This loathsome practice has contributed to the demise of Bear Stearns, Merrill Lynch, Washington Mutual, IndyMac, Lehman Brothers, and AIG. Its practitioners presume to sell stock in these companies without ever obtaining that stock. They then drive down the stock price, often without ever delivering a single stock certificate. The companies collapse -- not from any balance sheet problems -- but from these phantom trades of non-existent stock. It is even happening in commodities such as gold and precious metals, where people are selling ownership certificates without ever having the gold to back it, and the buyer is none the wiser unless he tries to claim the actual gold. As these problems converge now, they have the very real potential of utterly obliterating our economy and the value of the dollar itself.

Does it surprise you that this corruption has grown so large? It should not. Congress has done nothing but encourage it. Congress repealed of the Glass-Steagall Act in 1999, which allowed for the sale of mortgage backed securities and blurred the line between lenders and investors. They passed Sarbanes-Oxley in 2001, along with mark to market accounting. The hastily crafted Act required hugely expensive accounting processes that did little but drive small business out of public trading while doing nothing to curtail corruption in larger institutions. Mark to market accounting also forced assets to be valued at the last sale of similar type whether or not that sale was representative of the asset in hand, thus skewing valuation. Our government then lifted the leverage rules in 2004. Previously, banks were limited to a ratio of 12:1 debts to assets. With the lifted rules, they ballooned into 40:1 ratios or higher. Next, despite Regulation SHO prohibiting naked short selling the SEC has never enforced it, and even gone so far as to falsify reports playing down the dangers of the practice. Finally, let us not forget all the inflationary tinkering the Fed did to prevent any real adjustment in the market that could have purged these problems before they became behemoths.

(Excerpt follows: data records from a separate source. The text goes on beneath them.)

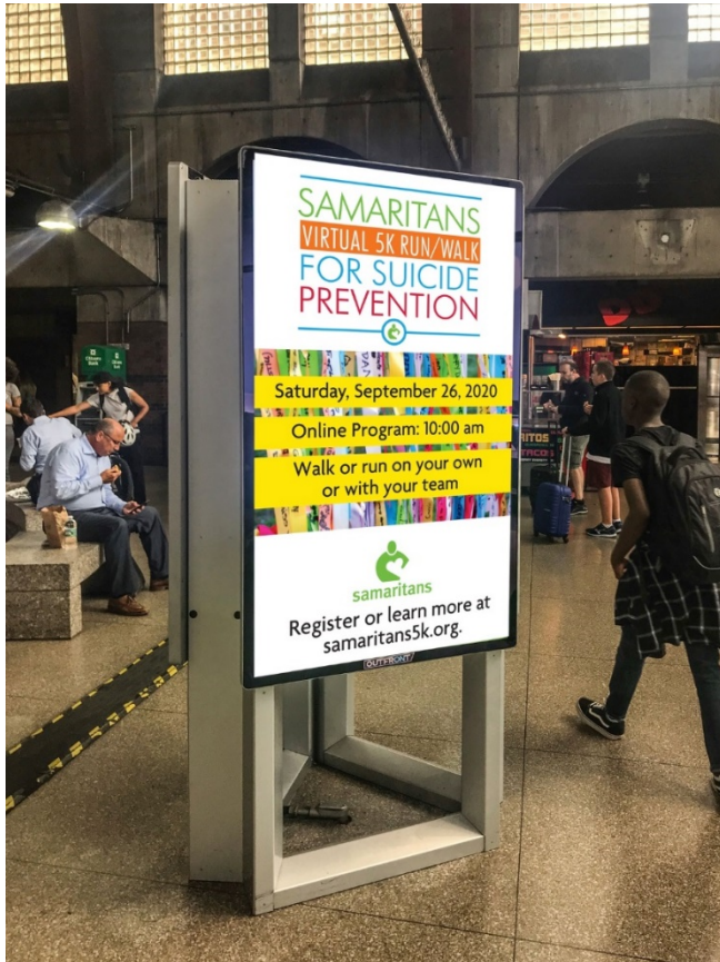
Supporting the Samaritans 5K with In-Station Digital Displays
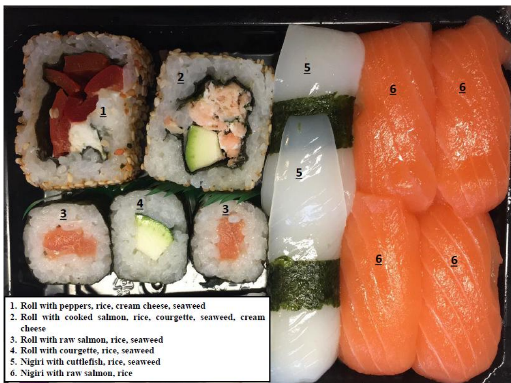
Figure 1. Typology of sushi analysed and ingredients

All the samples were stored 2 hours at 12°C, then maintained at 8°C and sampled after a total of 24, 48, 72 96 hours from the production. Microbiological samples were analysed in triplicate for the parameters reported in section 2.4 and for sensorial properties; a total number of 36 samples were processed.
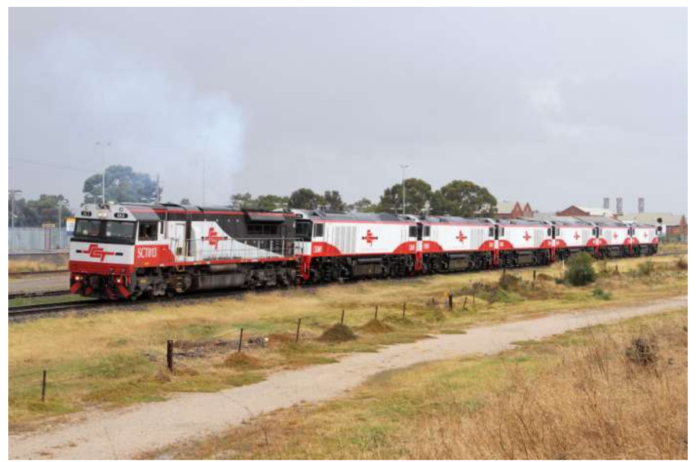
SCT013 hauls six new CSR locomotives to SCT yard for commissioning February 5th.

The real root of the mortgage problem, though, began with the Community Reinvestment Act of the Carter administration in 1977 and amplified by Clinton in 1995. This encouraged loans to people with no money down, no assets, and no income. It also created the Community Development Financial Institutions Fund, which has been abused to support the activities of ACORN and its fraudulent voter registration drives. Incidentally, ACORN was also Obama’s first employer. Freddie and Fannie, operating under the goals of this Act, hid their losses through massive corruption. As they cooked the books, they funneled large donations into Congress to fend off oversight and reforms attempted by Bush in 2001 and 2003, and later by McCain in 2005. The second largest recipient of those corrupt donations was Barack Obama, and after only three years in office.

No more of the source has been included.